Over the weekend, Mayor Ballard was able to bask in the attention afforded 9/11 celebrations. But by Monday, the Mayor and his Republican allies were back inflicting wounds on themselves. This time the issue was popular early voting, in particular establishing satellite locations on the north and south sides of the city.
The Mayor had reversed positions, now opposing early voting at satellite locations. But Ballard was content on letting County GOP Chairman Kyle Walker and GOP appointee to the Election Board, Patrick Dietrick take the heat for the unpopular position. But Democratic Clerk Beth White was having none of that. She made it clear that it was the Mayor's choice, and the Mayor took the bait on the issue, announcing publicly his opposition to early voting.
|Indianapolis Mayor Greg Ballard|
Speaking of TV commercials, thus far the Ballard commercials appear unfocsed. They contain a dizzying array of images, occupying the screen for an average of less than one second.
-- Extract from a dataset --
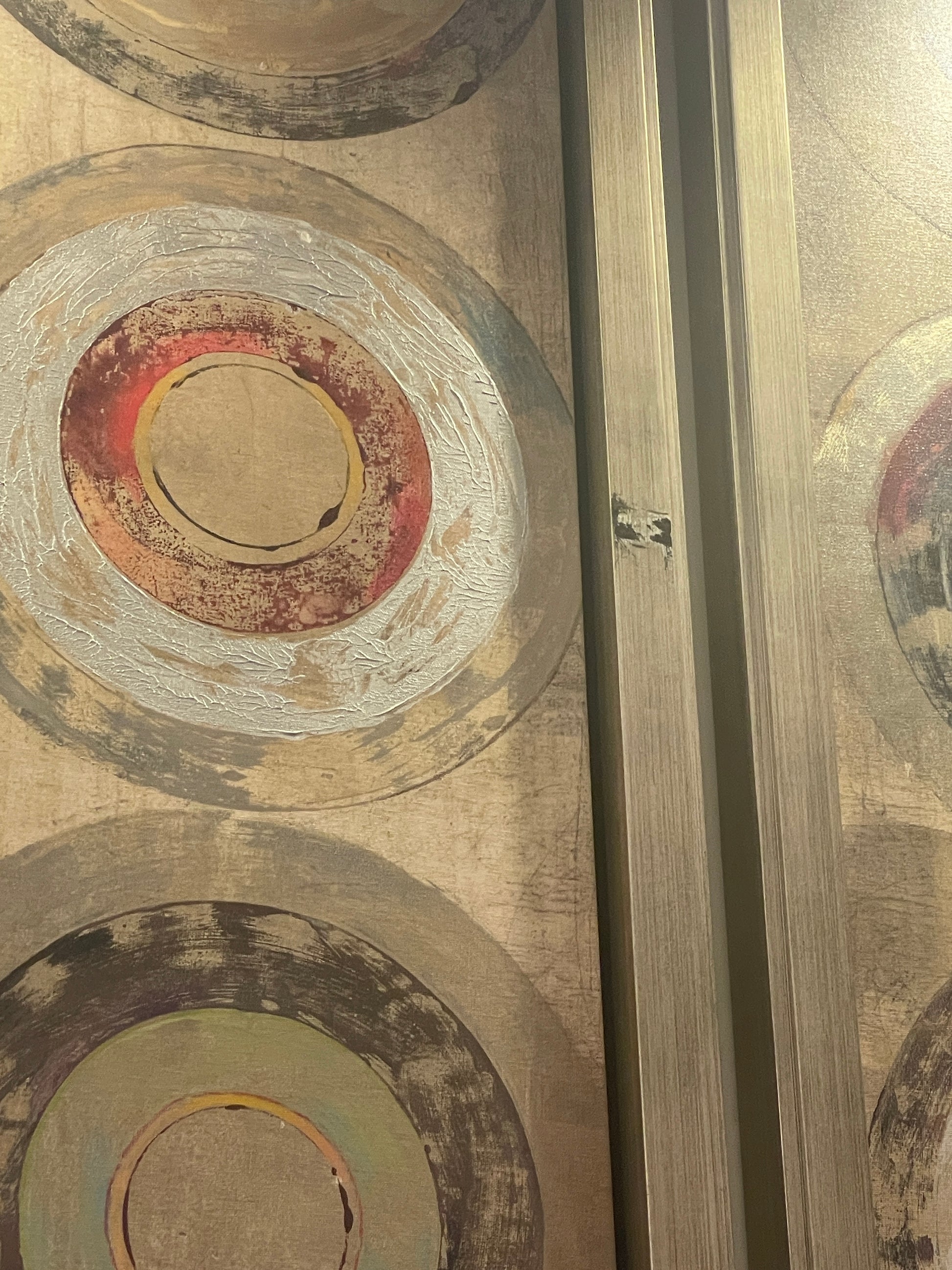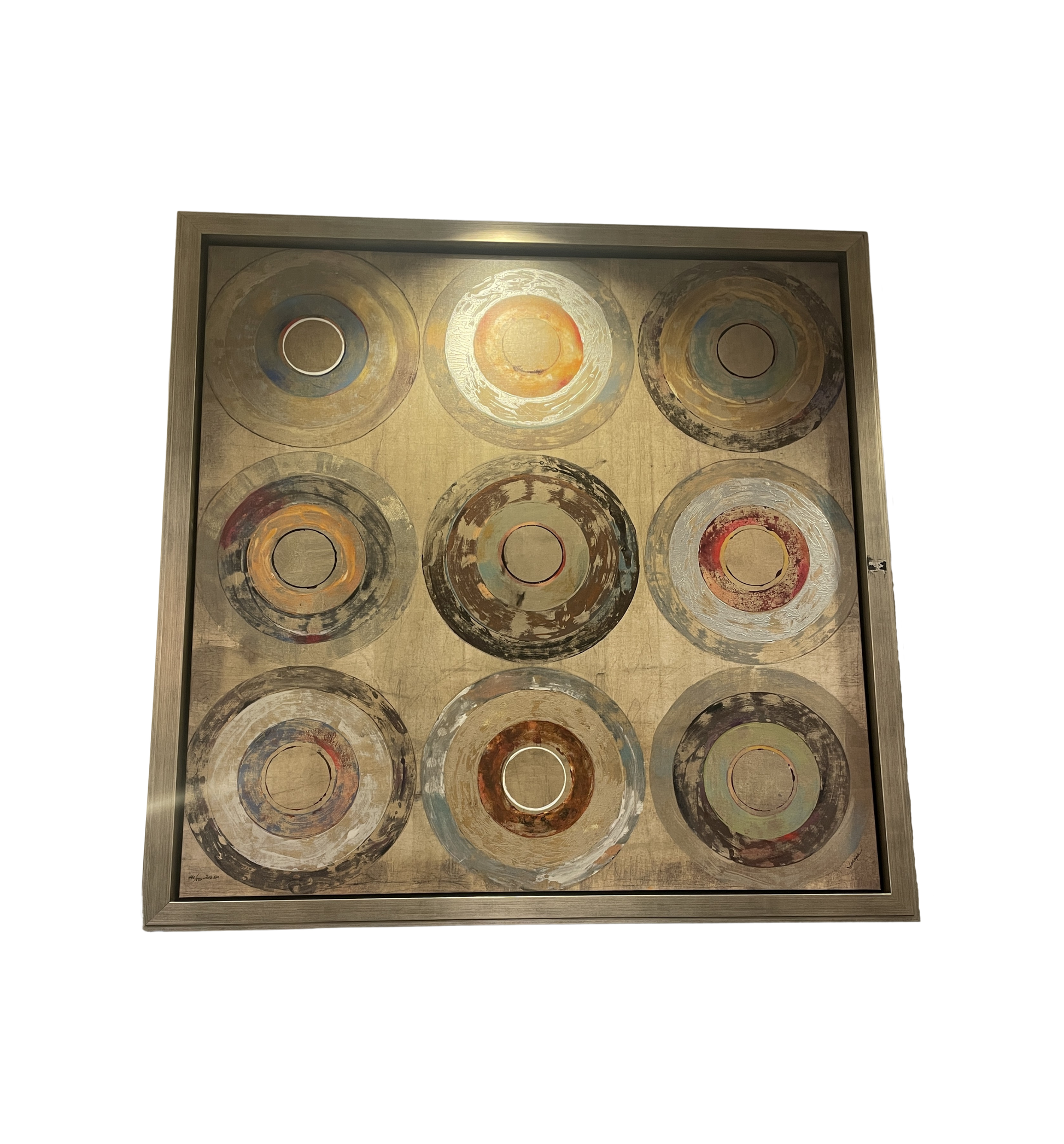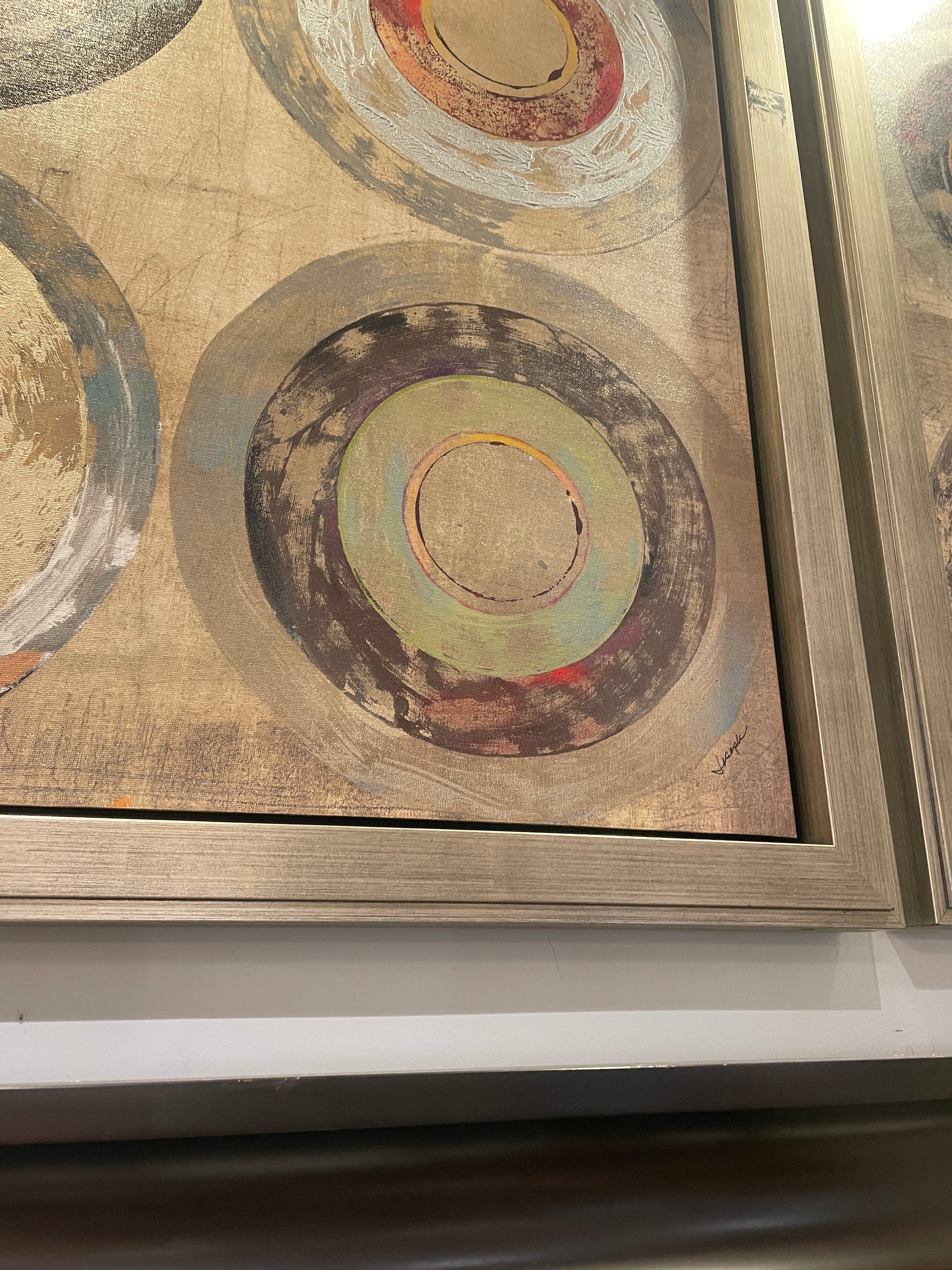 Ethan Allen circle giclee signed Joseph. Signed lower right, numbered lower left. Two available (442/500 2nd edition, and 450/500 2nd edition). This beautiful large giclee features an array of circles. Each spot has a series of concentric circles in a variety of neutral toned colors. The entire piece has eye catching texture with both the background and the circles having an almost distressed feel. The piece is held in a faux finished wooden frame. A charming abstract piece that's sure to draw attention in any space.

During the commercials, Ballard, in his own voice, throws out sound bites on a wide assortment of issues. The spots aren't horrible, but they are not very good either. The lack of a coherent campaign strategy is evident in the commercials.
Kennedy's commercials are much more polished and visually appealing. They employ a professional voice over artist as well as contain far few video cuts than the Ballard commercials. Usually just one issue is addressed. On the Kennedy's commercials a strategy is emerging: spend about five seconds taking a shot at Ballard on some issue and spend the rest of the time talking about how she would handle the issue differently.
Although Republicans suggest the five second bites criticizing the Mayor constitute "negative" campaigning that is out of line, the fact is the election will be almost completely a referendum on the incumbent. As a challenger, Kennedy has to tell voters why they shouldn't re-elect Ballard. The fact that the Kennedy hasn't even scratched the surface on the negative stuff available to go after Ballard on suggests to me the Kennedy camp is fully confident of where they are in the polls.
What political junkies should look for is not when Kennedy goes "negative" (again she has to tell voters why they shouldn't re-elect the Mayor), but when Ballard starts attacking Kennedy. That is a sign the Ballard campaign is concerned its lead is slipping away.